Décomposition du corps humain en systèmes masses ressorts amortisseurs avec les fréquences de résonance de chaque partie. Extrait de la thèse de Aurore Létévé (2014).

Les résonances vertueuses

En musique

La première résonance à laquelle on pense est bien entendu en musique. En effet, les instruments à cordes et à vent ainsi que les percussions exploitent le phénomène de résonance pour former des notes bien précises et pouvoir ainsi jouer un morceau de musique. Sans résonance, pas de musique…

Les instruments à cordes possèdent plusieurs fréquences de résonance qui dépendent de la longueur, de la masse et de la tension de chaque corde. C’est pour cette raison qu’on accorde la plupart de ces instruments en réglant la tension de chaque corde pour obtenir la résonance à la fréquence/note voulue (la masse et la longueur étant constantes). Cette résonance se produit sur l’onde mécanique qui se propage le long de la corde lorsque cette dernière est excitée par une impulsion qui en théorie contient toutes les fréquences. La corde produit alors un son contenant uniquement les fréquences de résonance de la corde (appelées fréquences propres) car toutes les autres fréquences sont rapidement atténuées et disparaissent sans pouvoir être entendues et amplifiées par le corps de l’instrument. L’impulsion initiale est générée par le musicien soit par un pincement (guitare, harpe…), soit par un coup (piano, clavecin…), soit par un frottement avec un archer (violon, violoncelle…). Pour information, la physique des cordes vibrantes est modélisée une équation aux dérivées partielles qui fut resolue par d’Alembert en 1747 et qui s’étudie généralement dans les classes préparatoires scientifiques.

L’équation des ondes qui modélise la propagation d’une onde dans un milieu continu et infini.

En imagerie médicale

Le phénomène de résonance est la clef de voute d’une technique d’imagerie médicale que vous connaissez : l’IRM (Imagerie par Résonance Magnétique). Ici, la résonance n’est pas mécanique comme dans le cas de la balançoire ou des ponts mais magnétique. Un champ magnétique constant est appliqué sur le patient ainsi qu’un champ oscillant pour exciter les spins des atomes du corps humain (propriété quantique des atomes) et les faire entrer en résonance pour les détecter et fabriquer une image, c’est ce qu’on appelle la résonance magnétique nucléaire, voir mon article précédent de la RMN à l’IRM.
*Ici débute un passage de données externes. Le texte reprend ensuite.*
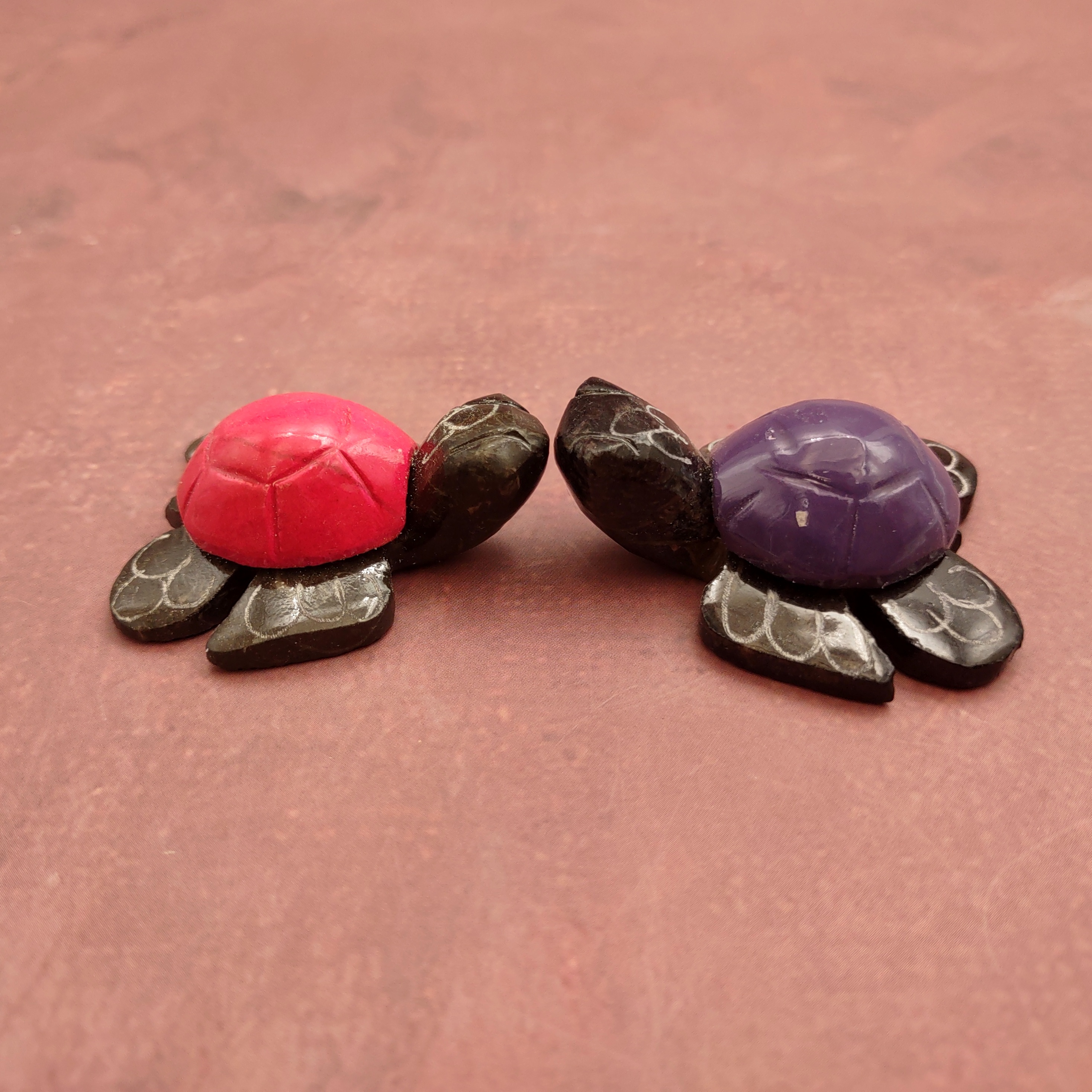 Brighten your space with our beautiful colorful painted marble stone turtles sold in sets of two. Crafted from assorted vibrant colors of marble stone, each turtle measures approximately 2 inches in size, making them ideal for display on shelves, tables, or as part of your garden or indoor centerpiece. Their unique variations in color add a lively touch of ocean charm and individuality to each set, making every piece truly one of a kind.
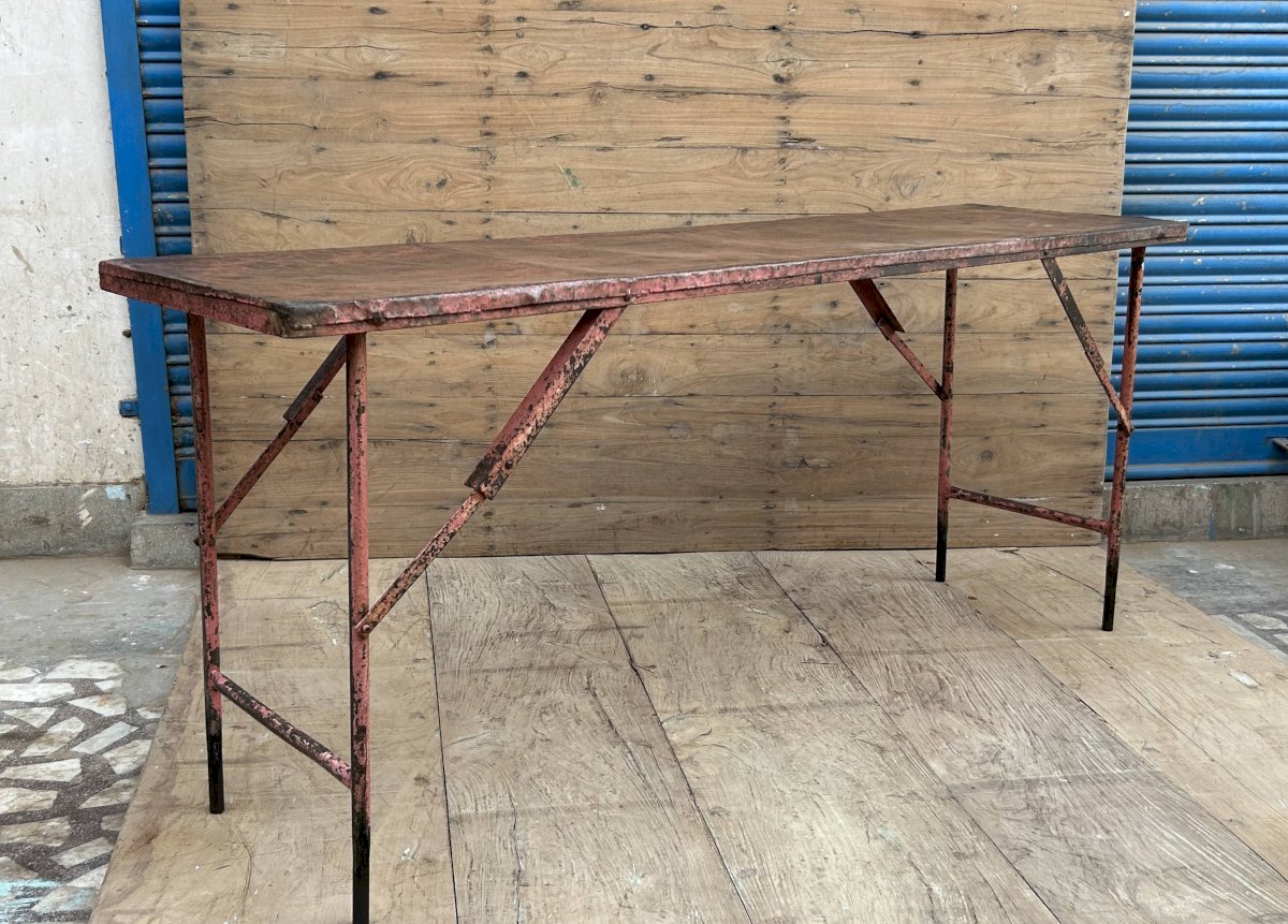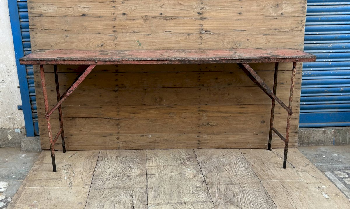 Console datelier pliante en métal avec patine dorigine

En physique des hautes énergies

Une autre application moins connue du grand public est l’accélération des particules à hautes énergies avec des cavités radiofréquences (RF). Pour accélérer des particules chargées, on utilise un champ électrique (les particules positives/négatives sont accélérées par une tension électrique opposée à leur charge). On peut alors utiliser le phénomène de résonance pour améliorer cette accélération en donnant une petite impulsion aux particules à une fréquence précise. Pour induire cette résonance, une onde électromagnétique est envoyée dans une cavité ayant une forme bien particulière permettant la résonance des ondes à la fréquence propre de la cavité, de l’ordre de la centaine de MHz, c’est-à-dire dans la gamme des fréquences radio (d’où le nom de cavités RF). Les cavités sont agencées en série pour accélérer les particules en ligne droite et le champ électrique est alors inversé quand les particules passent au centre d’une cavité de telle manière à ce que les particules « voient » toujours une tension opposée à leur charge pour être accélérées de proche en proche continuellement. Je vous conseille de voir cette petite vidéo du CERN (Organisation Européenne pour la Recherche Nucléaire) sur le fonctionnement des cavités RF du LHC qui illustre bien le phénomène:  https://videos.cern.ch/record/1750705

Un des modules DTL du Linac 4 en train d’être assemblé au CERN (Image: Maximilien Brice/CERN). On peut voir les cavités RF au centre du module entre lesquelles les particules sont accélérées.